Does anyone know anything about the problem? I saw a news story back
closer to Christmas about the Dept. of Forrestry mass cutting trees in
southern Indiana to slow the spread down.
Tom in KY, Seriously.
On 11 Jan 2006 19:08:16 -0800, email@example.com wrote:
In the Southeast in the past few years, I've heard about several pine
beetle infestations. Lots of trees, healthy or not, were felled to
contain the spread when the pest was detected. I can only speculate
what's going on in Indiana--I simply don't know--but beetles would be
Beetle problem in the boreal forests of Canada, too. In recreation
areas there's tremendous pressure to spray even though it will be
sueless in the long term and the forest service wants to let the
infestations run their course and in remote areas use controlled burns.
Nature doesn't care about wooddorkers...
Any government will work if authority and responsibility are equal and
coordinate. This does not insure "good" government; it simply insures that it
On Wed, 11 Jan 2006 22:41:58 -0600, Dave Balderstone
... or maybe it's nature's way of saying, "here's a forest for you to
use. If you don't use it, I'll get rid of it some other way"
If you're gonna be dumb, you better be tough
Ah, Clever, but, the forrests here are in kind of a perpetual replenish
mode. Meaning most of the trees are too small to cut right now. The
trees that are being harvested now are much smaller than the trees that
were harvested just 10 years ago. The cut cycle is getting shorter and
the growth time is getting shorter. Then there are the developers and
the farmers clearing land continuously. Coal mines wrecked the land
here years ago, now that the mines are under control, now there's a
house, a mobile home or a farm field going up everywhere there's a
forrest (was a forrest). The only place in KY that is protected is the
state parks. They are releasing smaller trees to keep up with demand. A
blight or an infestation of beetles could be a real serious problem.

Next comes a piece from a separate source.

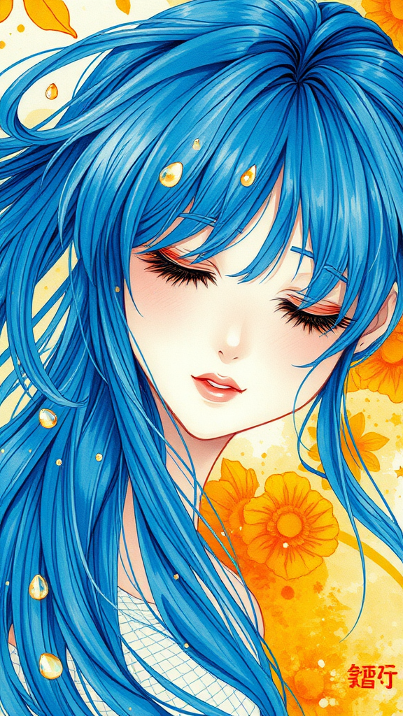 A girl with flowing blue hair and closed eyes, depicted in the ethereal style of the Stars art group, surrounded by hues of yellow and orange. Water droplets gently accentuate the scene, adding a romantic touch. The illustration features intense, intricate lines interspersed with areas of loose paint application, reminiscent of gongbi techniques. The composition evokes a sense of dreamlike serenity, with the play of colors and texture creating an enchanting visual narrative.
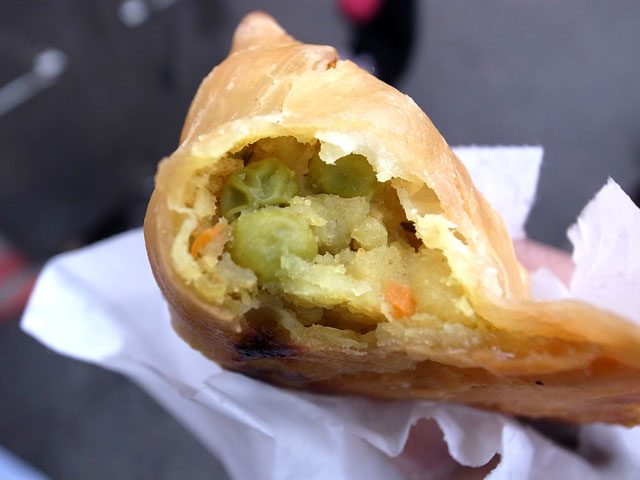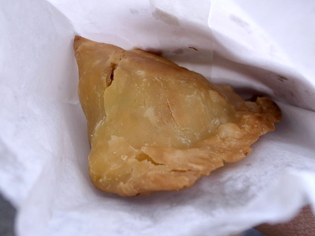 サモサの中身はやさしいカレー風味のジャガイモ。

Tom in KY, and nature said "here's a forrest for you to use. take care
of it or you'll lose it.
Not a member of the Sierra Club. Trees are wood, not just hiking
Tom, I live in southern In across river from louisville. Have not heard
anything officially about problem, but me and everybody around me is losing
them left and right. I don't know how a person could use them for
woodworking though. They die from the top down and awful nasty sap seeps out
all over the tree. I could barely stand to burn them in the shop woodstove.
Wouldn't even want to think about trying to get a piece of that stuff across
a tablesaw. If a person were to try.........johnson's pastewax would be in
I was in that area last year some. Greenville and Jeffersonville.
Silk worms killed millions of trees in Ky about 20(?) years ago. Those
trees were mostly ornamental trees, Redbuds, Dogwoods, Bradford Pears,
Fountain Cherries come to mind.
Those trees weren't much force, but it was still a big deal to property
owners with small trees. We sprayed and pulled down spooling nests as
fast as we could. We managed to save all of our trees. I believe that
several bigger trees out in the wild woods around the state were killed
by the worms though.
When worms or beetles are involved though, the wood is usually ruined.
I saw a topic recently about someone asking if they brought infested
wood into the house, would the bugs eat his house? I'd almost be afraid
to chance it myself.
Tom in KY, don't want no stinking mess on my tablesaw either.
Spruce budworm? I presume everyone else searched and failed. We're overdue
here in MI for a budworm infestation, and it's going to create some openings
in the woods, that's for sure. With pines blister rusts are pretty common,
The white birch appear to have recovered fairly well, when a dozen years ago
most figured the disease would get them all. Yellow birch, especially the
overmature trees, have some viral disease now.
We can't allow things to run their course in the woods. Used to be
infection produced tinder which obligingly burned and sterilized the area,
the clearings providing isolation when they became too big for infection to
cross. Sort of a reverse quarantine.
Trouble is, nature takes a long-term management approach, and human life
spans are short.
Sometimes you can get a great look into natural control, though. The tent
caterpillars became more and more abundant over about a five-year period
here, resulting in some serious defoliation. In response to the large
numbers of caterpillars on the menu, a huge gray fly became extremely
abundant. Swarms of them were everywhere. Then both crashed below the
normal search threshold in a single year.